Volume 2012 | Article ID 640381 | https://doi.org/10.1100/2012/640381

Random Amplified Polymorphic Markers as Indicator for Genetic Conservation Program in Iranian Pheasant (Phasianus colchicus)

Ghorban Elyasi Zarringhabaie,¹Arash Javanmard,²and Ommolbanin Pirahary³

Academic Editor: Maria Fiammetta Romano

Received14 Oct 2011

Accepted08 Dec 2011

Published02 May 2012

Abstract

The objective of present study was identification of genetic similarity between wild Iran and captive Azerbaijan Pheasant using PCR-RAPD markers. For this purpose, in overall, 28 birds were taken for DNA extraction and subsequently 15 arbitrary primers were applied for PCR-RAPD technique. After electrophoresis, five primers exhibited sufficient variability which yielded overall 65 distinct bands, 59 polymorphic bands, for detalis, range of number of bands per primer was 10 to 14, and produced size varied between 200 to 1500 bp. Highest and lowest polymorphic primers were OPC5, OPC16 (100%) and OPC15 (81%), respectively. Result of genetic variation between two groups was accounted as nonsignificant (8.12%) of the overall variation. According to our expectation the wild Iranian birds showed higher genetic diversity value than the Azerbaijan captive birds. As general conclusion, two pheasant populations have almost same genetic origin and probably are subpopulations of one population.
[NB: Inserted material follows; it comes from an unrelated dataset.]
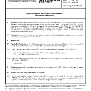 This SAE Recommended Practice applies to valve assemblies that are used on passenger car and light truck braking systems utilizing motor vehicle hydraulic brake fluids. The procedure (SAE J1118) and these requirements (SAE J1137) were developed for brake fluids conforming to SAE J1703 and FMVSS 116 (DOT 3) requirements; however, it may be utilized for valves which use DOT 4 or DOT 5 brake fluid. These requirements are applicable to differential warning, metering hold off, bypass function, or proportioning type valves or any combination thereof.

The data reported herein could open the opportunity to search for suitable conservation strategy to improve richness of Iran biodiversity and present study here was the first report that might have significant impact on the breeding and conservation program of Iranian pheasant gene pool. Analyses using more regions, more birds, and more DNA markers will be useful to confirm or to reject these findings.

1. Introduction

Pheasants are one of the most endangered species of birds in the world [1] which appeared on the most recent list of endangered species list [2]. Generally, pheasants species refer to any member of the subfamily of Phasianidae in the order Galliformes. There are 35 species of pheasant in 11 genera [3]. The pheasants are Asian bird in their native distributions, with the single exception of the peafowl, which is endemic to the central Africa [4]. The best known is the common pheasant, which is widespread throughout the world in introduced feral populations and in farm operations. It is native to Russia and has been widely introduced elsewhere as a game bird.
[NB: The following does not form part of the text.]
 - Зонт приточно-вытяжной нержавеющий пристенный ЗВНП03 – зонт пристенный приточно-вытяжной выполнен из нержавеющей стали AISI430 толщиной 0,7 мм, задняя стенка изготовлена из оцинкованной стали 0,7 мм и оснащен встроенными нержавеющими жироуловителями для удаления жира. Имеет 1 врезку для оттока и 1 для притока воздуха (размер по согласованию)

Iranian pheasant is one of the unique and unmixed species of world which is on the edge of extinction now. These species are on the list of the world’s threatened species. Therefore, conservation program aims to preserve the genetic distinctiveness of the species in the north of Iran [5]. The belief is that dwindling wild populations of any such species can be supplemented (i.e., restocked) or reintroduced after extinction from the species’ native range by releasing individuals from ex situ populations back into the wild. Pheasant propagation programs and subsequence releasing of young pheasant to their habitat could be possible practical way to increase number of Iranian pheasant conservation [5].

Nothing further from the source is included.